Provided data –

_ _ _ _

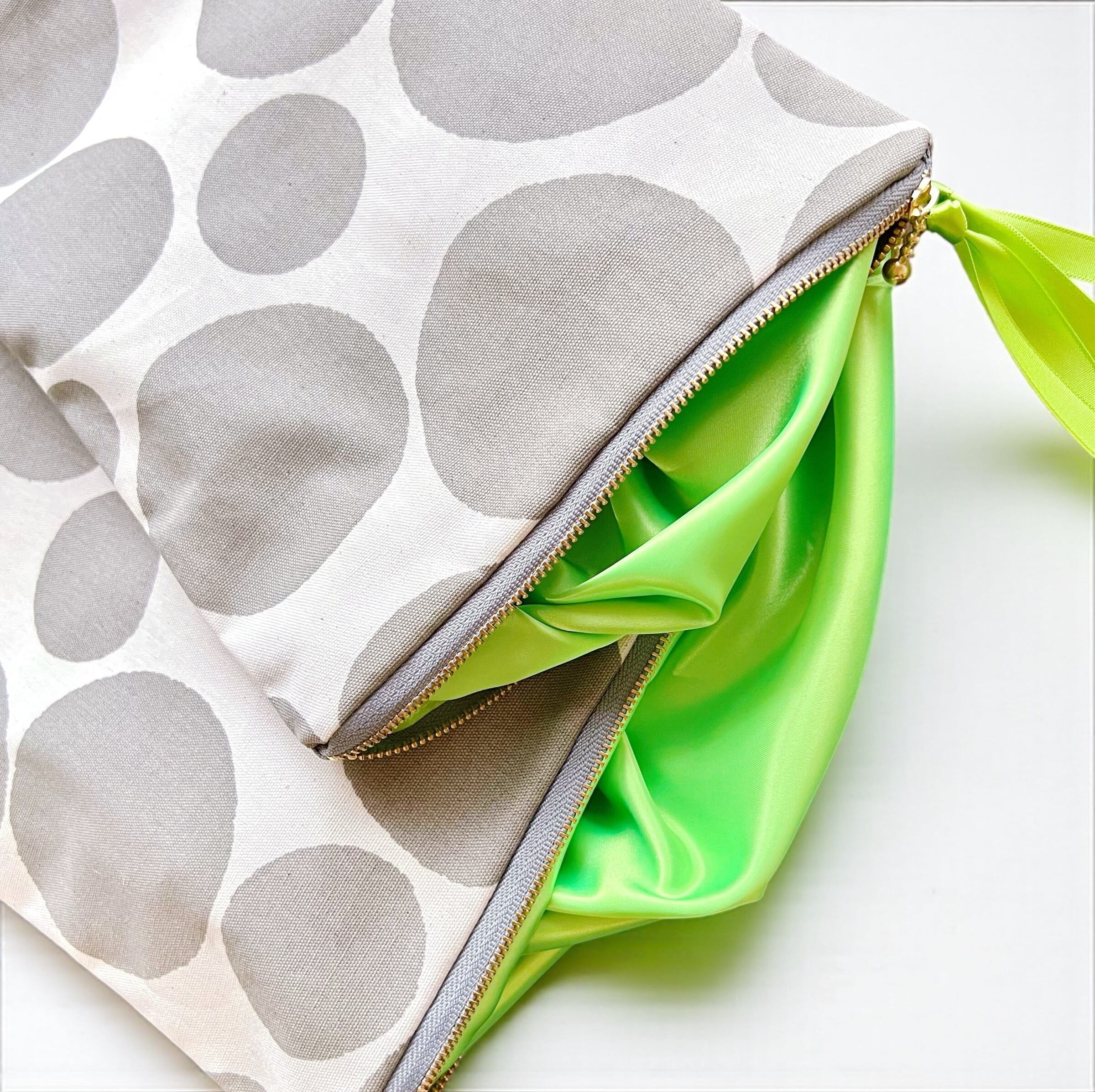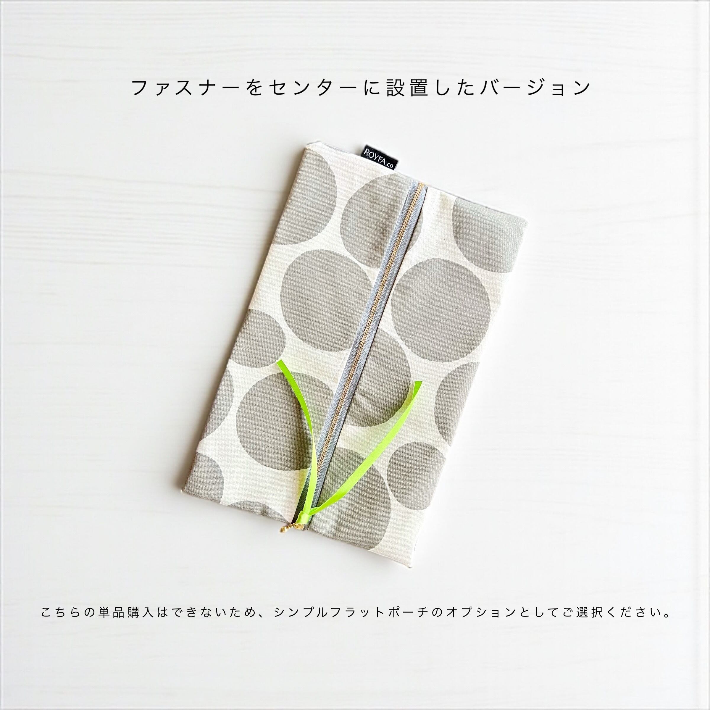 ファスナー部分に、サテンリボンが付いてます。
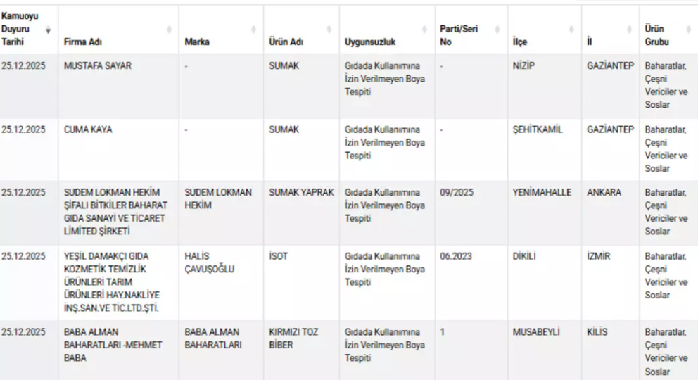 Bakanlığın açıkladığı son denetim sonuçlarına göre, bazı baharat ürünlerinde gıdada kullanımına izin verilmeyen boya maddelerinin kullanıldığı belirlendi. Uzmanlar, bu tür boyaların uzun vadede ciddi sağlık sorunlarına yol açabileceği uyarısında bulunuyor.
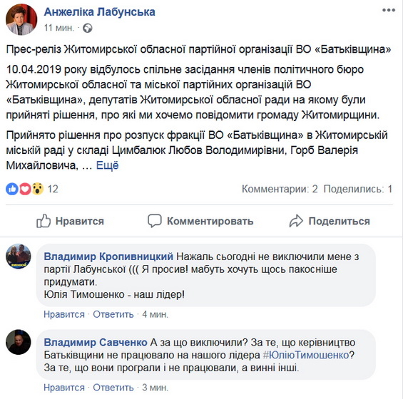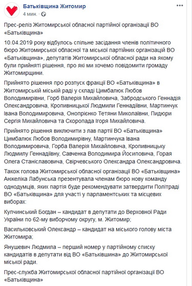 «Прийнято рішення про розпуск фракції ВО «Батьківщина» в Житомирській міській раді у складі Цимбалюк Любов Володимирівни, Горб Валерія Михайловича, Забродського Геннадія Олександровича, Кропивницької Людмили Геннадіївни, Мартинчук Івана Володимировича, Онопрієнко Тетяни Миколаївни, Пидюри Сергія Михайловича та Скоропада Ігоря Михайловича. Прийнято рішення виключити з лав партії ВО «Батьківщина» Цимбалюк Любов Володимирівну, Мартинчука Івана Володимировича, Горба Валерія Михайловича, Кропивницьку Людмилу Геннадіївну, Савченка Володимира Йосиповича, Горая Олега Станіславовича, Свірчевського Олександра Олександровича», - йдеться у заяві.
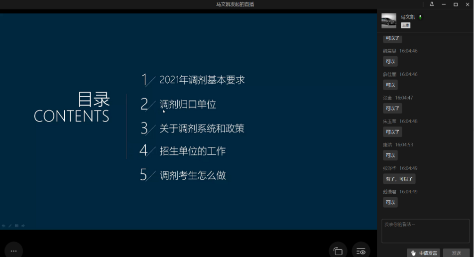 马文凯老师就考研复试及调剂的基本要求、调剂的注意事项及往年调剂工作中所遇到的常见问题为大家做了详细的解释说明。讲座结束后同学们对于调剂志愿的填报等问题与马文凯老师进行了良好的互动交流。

_ _ _ _

Your assignment –
Go through the listing above and retype each line exactly, apart from the pictures.

Result of the exercise –
 ファスナー部分に、サテンリボンが付いてます。
 Bakanlığın açıkladığı son denetim sonuçlarına göre, bazı baharat ürünlerinde gıdada kullanımına izin verilmeyen boya maddelerinin kullanıldığı belirlendi. Uzmanlar, bu tür boyaların uzun vadede ciddi sağlık sorunlarına yol açabileceği uyarısında bulunuyor.
 «Прийнято рішення про розпуск фракції ВО «Батьківщина» в Житомирській міській раді у складі Цимбалюк Любов Володимирівни, Горб Валерія Михайловича, Забродського Геннадія Олександровича, Кропивницької Людмили Геннадіївни, Мартинчук Івана Володимировича, Онопрієнко Тетяни Миколаївни, Пидюри Сергія Михайловича та Скоропада Ігоря Михайловича. Прийнято рішення виключити з лав партії ВО «Батьківщина» Цимбалюк Любов Володимирівну, Мартинчука Івана Володимировича, Горба Валерія Михайловича, Кропивницьку Людмилу Геннадіївну, Савченка Володимира Йосиповича, Горая Олега Станіславовича, Свірчевського Олександра Олександровича», - йдеться у заяві.
 马文凯老师就考研复试及调剂的基本要求、调剂的注意事项及往年调剂工作中所遇到的常见问题为大家做了详细的解释说明。讲座结束后同学们对于调剂志愿的填报等问题与马文凯老师进行了良好的互动交流。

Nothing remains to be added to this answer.